Another s*y question (cost of scaling and code diddling)

Sun Apr 30 04:05:43 AEST 1989

Looking into this, I discovered at least one counter-intuitive result,
so this might be worth reading even if you've grown tired of the thread.

In article <1266 at l.cc.purdue.edu> cik at l.cc.purdue.edu (Herman Rubin) writes:
>Now suppose I am doing some serious array operations, and I have to know
>whether one array buffer is longer than another.  The elements are of type
>long.  Do I have to do this multiplying and dividing by 4 all the time?
>Another example of "user-friendly" which turns out to be "user-inimical."

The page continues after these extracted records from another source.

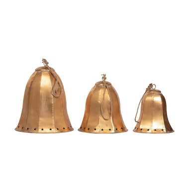 Set da 3 campane in metallo dorato, con gancio in corda per permettere di spostarle con facilità. Caratteistiche Misure: 22/19/16CM Colore: oro ...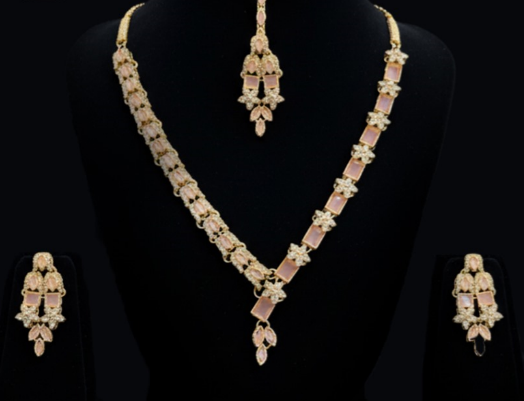This exquisite pink jewellery set embodies elegance and charm with its soft pastel tones and dazzling gold detailing. The set features a delicately crafted necklace paired with matching earrings, adorned with shimmering pink stones and sparkling white crystals. Its floral-inspired design adds a feminine and refined touch, making it perfect for weddings, parties, or festive celebrations. Radiate sophistication and grace with this stunning pink jewellery set that complements both traditional and modern outfits.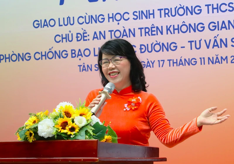 (QK7 Online) - Sáng 17/11, phường Tân Sơn Hòa, Thành phố Hồ Chí Minh, phối hợp các đơn vị đồng hành tổ chức chương trình giao lưu với học sinh trường THCS Ngô Sĩ Liên. Đồng chí Trương Lê Mỹ Ngọc, Bí thư Đảng ủy, Chủ tịch Hội đồng nhân dân phường dự chương trình.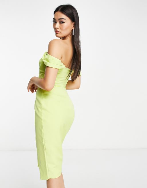 Lavish Alice pleat detail bardot midi dress in lime green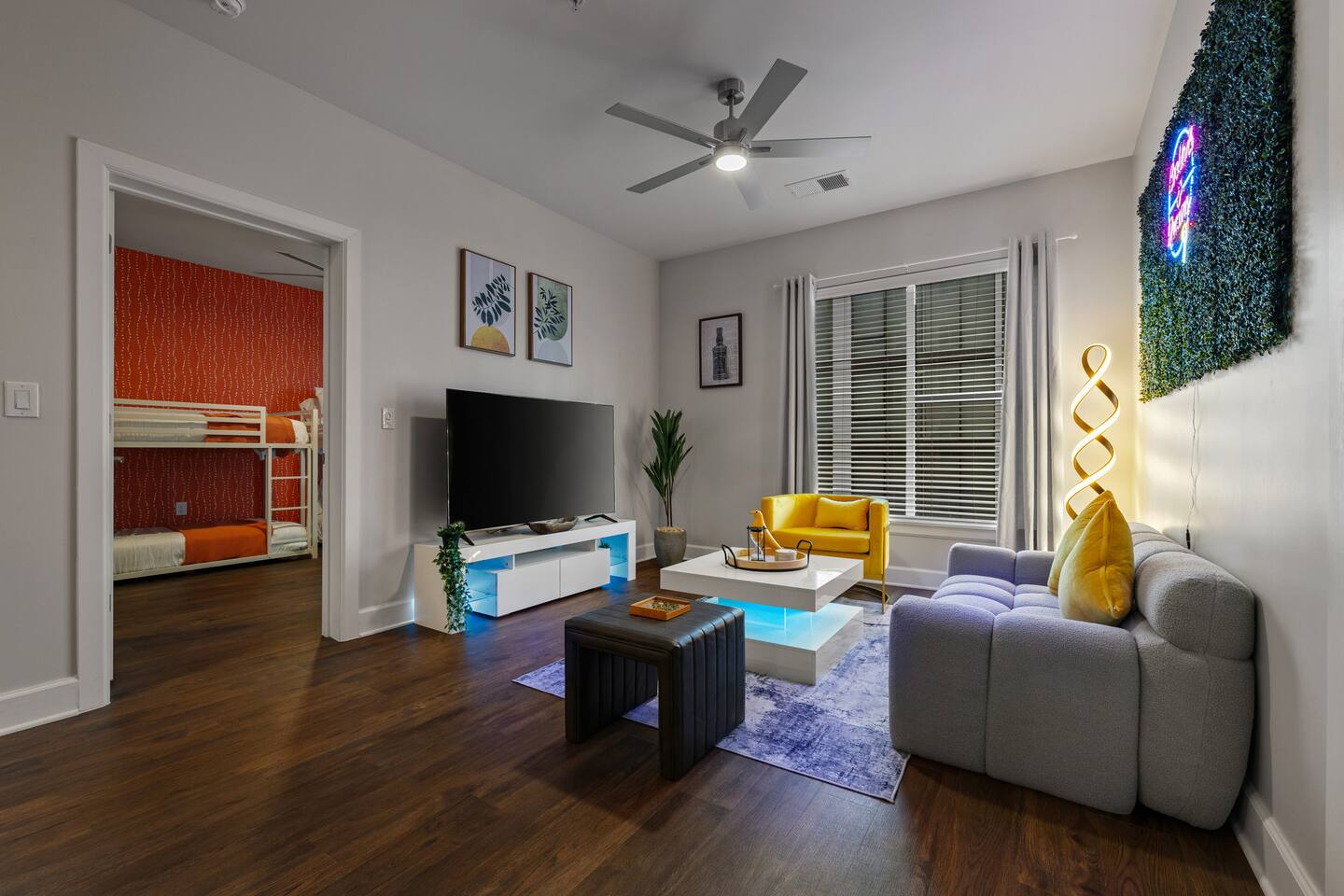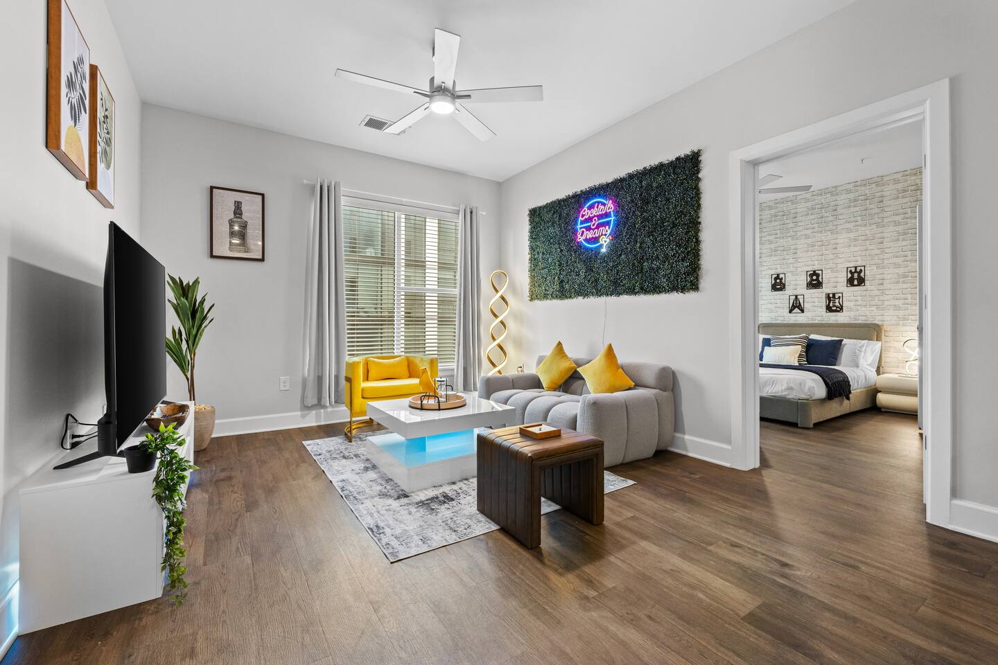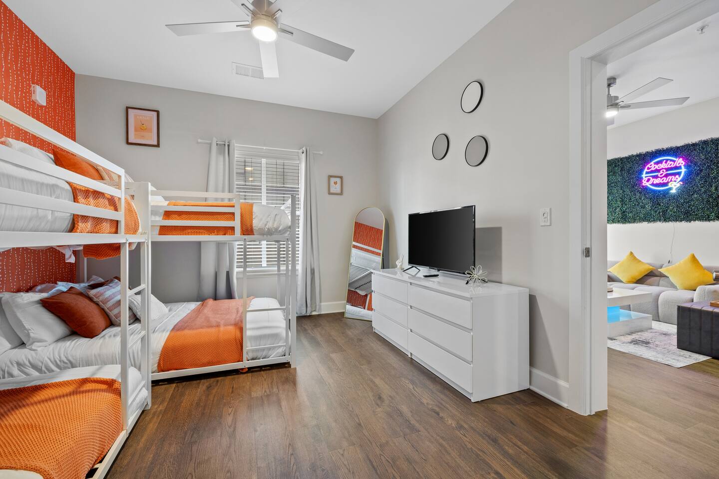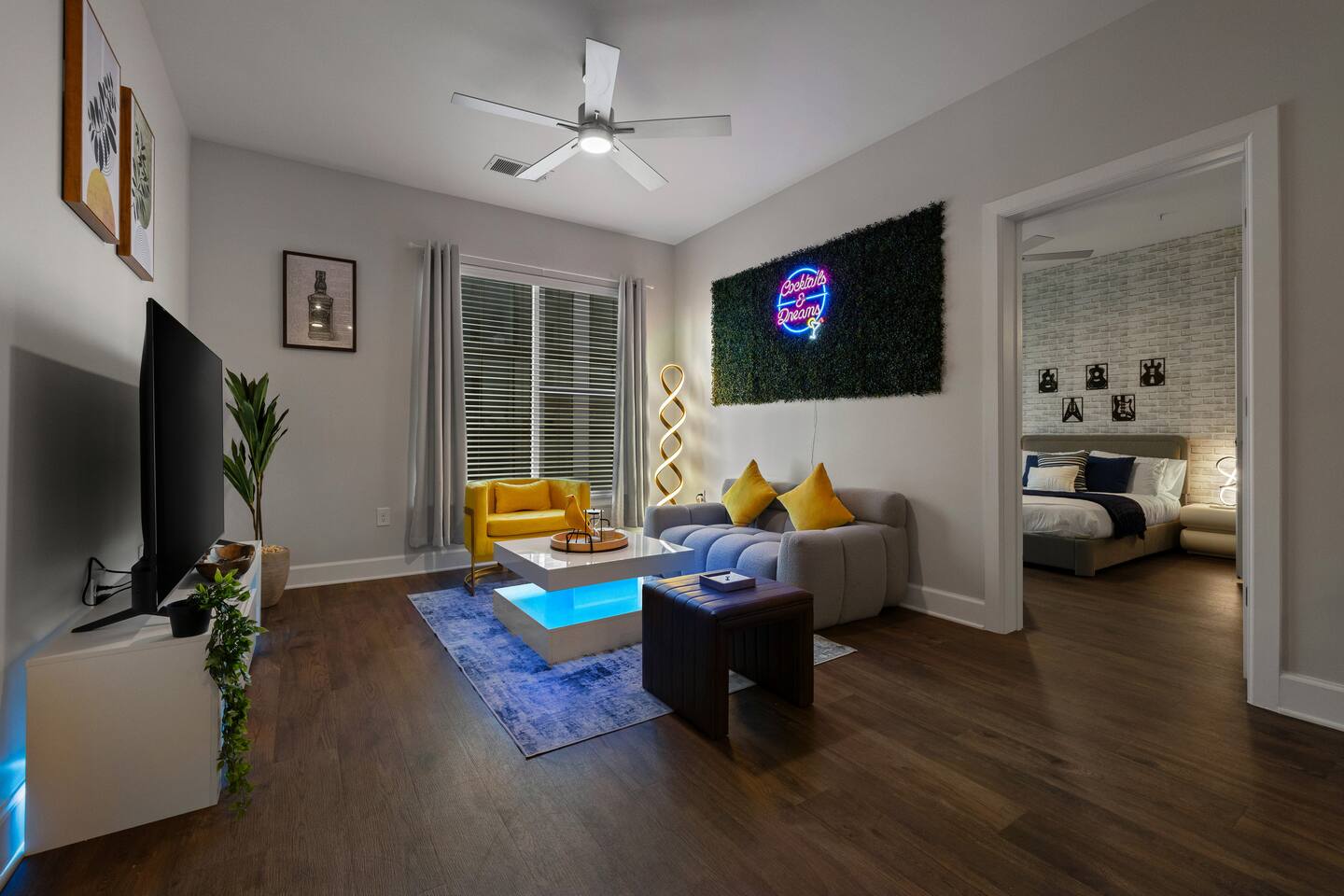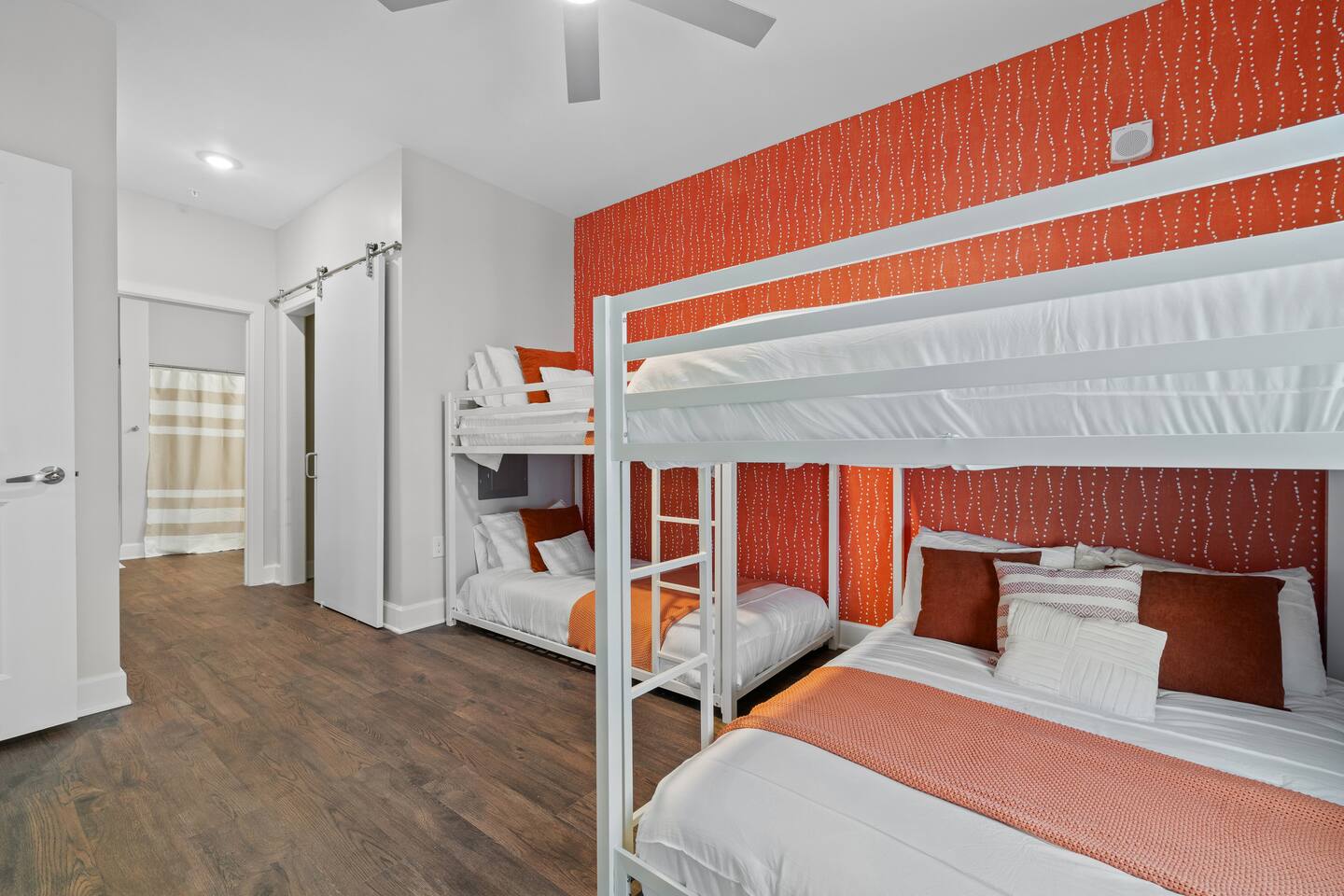 THE SPACE: This bright and modern 2-bedroom, 2-bathroom apartment is designed with vibrant pops of color and playful energy—perfect for groups and families who want comfort, convenience, and personality in the heart of Nashville. 🛏️ Sleeping Arrangements: 1 Full Bed (Primary Bedroom) 1 Bunk Bed with Full over Full 1 Bunk Bed with Twin over Twin 🍳 Fully stocked kitchen with stainless steel appliances 🛋️ Cozy and colorful living room for movie nights and hangouts 🛁 Two full bathrooms with modern finishes THE BUILDING: Set in a secure luxury complex, you’ll enjoy elevated amenities for a relaxing and fun-filled stay: 🏊 Infinity-edge pool with skyline views – the perfect chill zone 🌇 Rooftop lounge with seating and unbeatable sunset views 💪 Fitness center for an energizing workout 🚗 Parking available in the garage for $35/night THE LOCATION: Situated on buzzing Division Street, this location offers unbeatable access to Nashville’s best spots: 🎸 Broadway – Just a 10–12 minute walk to honky-tonks and live music 🍹 The Gulch – High-end dining, shopping & rooftop bars nearby 🏟 Bridgestone Arena & Nissan Stadium – For concerts, games, and events 🎤 Music Row & The Ryman – Immerse yourself in Nashville’s legendary music scene Whether you’re here to explore the sights, dance the night away, or unwind in a vibrant and stylish home base, this apartment has everything you need to enjoy the best of Music City. Permit #2025047007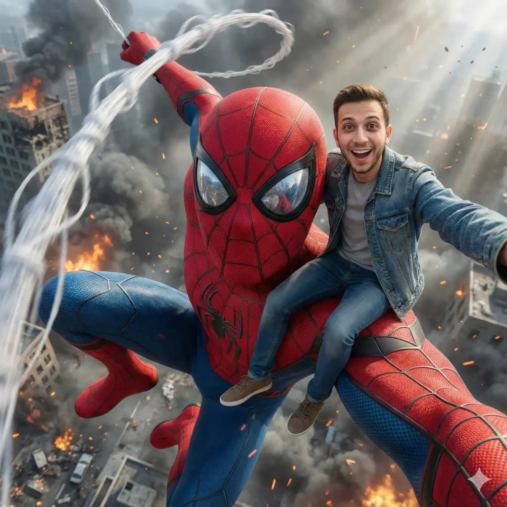 Copy Prompt: An 8K hyper-realistic, cinematic selfie-style shot captured from a floating camera perspective—no phone visible, but framed naturally as if the person is taking the selfie. The person from the uploaded reference image appears with the same identity, same facial features, and likeness, but now with a bright, excited smile and expressive eyes full of thrill and amazement. Skin textures, pores, subtle reflections, and micro-details are rendered with lifelike clarity. The person is seated securely and naturally on the massive shoulder of a giant Spider-Man, scaled up to Megazord height. Their sitting posture is physically accurate: legs positioned comfortably along the curved red-and-blue armored suit texture, one hand placed on Spider-Man’s shoulder web-pattern surface for balance, subtle contact shadows showing realistic weight distribution. Giant Spider-Man is dynamic and heroic—caught mid-action with one arm raised, either waving toward the camera or shooting a web, with the iconic white webbing extending outward in a fluid, motion-blurred arc. His suit is rendered in extreme detail: raised webbing texture, fabric seams, micro-scratches, subtle signs of battle, stretched fabric across muscles, reflective eye lenses showing environmental reflections. The scene unfolds above a chaotic battle-damaged city: shattered buildings, drifting smoke, fires burning below, sparks and debris flying through the air. Volumetric light beams through thick smoke, creating dramatic cinematic depth. Small particles—dust, ash, embers—float around them, all crisply visible in 8K clarity. The entire image is unbelievably lifelike: perfectly integrated lighting across both subjects, natural shadows, realistic reflections on Spider-Man’s lenses, and a seamless blend of scale and physics. The moment feels like an authentic behind-the-scenes shot from a massive superhero film captured with an IMAX-grade camera. Ultra-photorealistic emotion, perfect sitting logic, massive giant Spider-Man scale, dynamic web-shooting pose, extreme micro-detail, cinematic depth, and flawless 8K realism.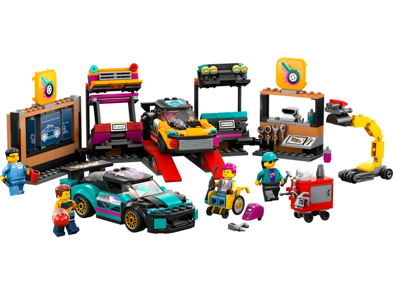 Przekształcanie samochodów staje się niezwykle proste dzięki zestawowi LEGO City Warsztat tuningowania samochodów (60389), który oferuje warsztat z licznymi funkcjami oraz dwa pojazdy do modyfikacji. Młodzi budowniczowie mogą wybierać silniki, a także przednie i tylne moduły z różnorodnymi światłami, zderzakami i spojlerami, aby stworzyć unikalny samochód. Zestaw zawiera również dwie minifigurki mechaników, dwie minifigurki kierowców oraz dodatkowe akcesoria.

Many people have jumped on this, but it does point to one of the
fundamental C mind sets, which turns out to have some exceptions:

	"For heavy array operations, it is usually faster to
	use pointers than array indexing."
			- me.

That is because the scaling operation is only done once, when the
pointer is incremented, rather than at each reference to the
array[index].  Specifically, where a and b are arrays of non-char types:

	for( ap = a, bp = b; i--;  ) /* even I will use a comma op here! */
		*ap++ = *bp++;

Is likely to be noticably faster than the functionally equivalent:

	while( i-- )
		a[i] = b[i];

While a hyper-optimising compiler _might_ manage to write code with
equivalent performance, we all believe that to rarely be the case.

Now, when looking into this, I wrote some test programs just to make
sure I wasn't lying.  These were compiled with gcc 1.34 -O, the most
optimising compiler I have handy.

	# define LEN 10
	int a[LEN], b[LEN];
	void f1()
	{
		register int i = LEN;
		register int *ap, *bp;
		for( ap = a, bp = b; i--; )
			*ap++ = *bp++;
	}
	void f2()
	{
		register int i = LEN;
		while( i-- )
			a[i] = b[i];
	}

The scaling operation done in the loop costs two extra instructions. 

    pointer:
	L%5:			<< one instruction loop body
		mov.l (%a0)+,(%a1)+	<< move word + bump pointers
	L%2:
		dbra %d0,L%5

    array:
	L%9:			<< three instruction loop body
		mov.l %d1,%d0			<< grab index
		asl.l &2,%d0			<< scale
		mov.l (%a0,%d0.l),(%a1,%d0.l)	<< then move word
	L%7:
		dbra %d1,L%9

What came as a surprise to me was that pointer operations may NOT
be faster than arrays for use with char types.  Changing the int arrays
to char arrays gives the following single instructions for the loop body.

   pointer:
		mov.b (%a0)+,(%a1)+

   array:
		mov.b (%a0,%d0.l),(%a1,%d0.l)

No scaling is involved, so it comes down to the price of using an
indexed move vs. an unindexed move with two pointer increments.  This is
heaviliy in the realm of architecture and hardware implementation.  One
can imagine machines where pointers are faster, and others where the
reverse was true.

Thus, the maxim becomes modified:

	"For heavy array operations, it is usually faster to
	use pointers than array indexing.

	"If you are really trying to squeeze out the last cycle,
	you ought to try it both ways and measure the result because
	what is good on Brand X may be bad on Brand Y."

			- me.

Few really large programs will be affected by this sort of thing.
Clarity of expression may make arrays preferable, particularly if a
published algorithm you are stealing is written that way.  Given a large
enough search space, a poorly written hash or tree will still be a lot
faster than a great register pointer based linear search.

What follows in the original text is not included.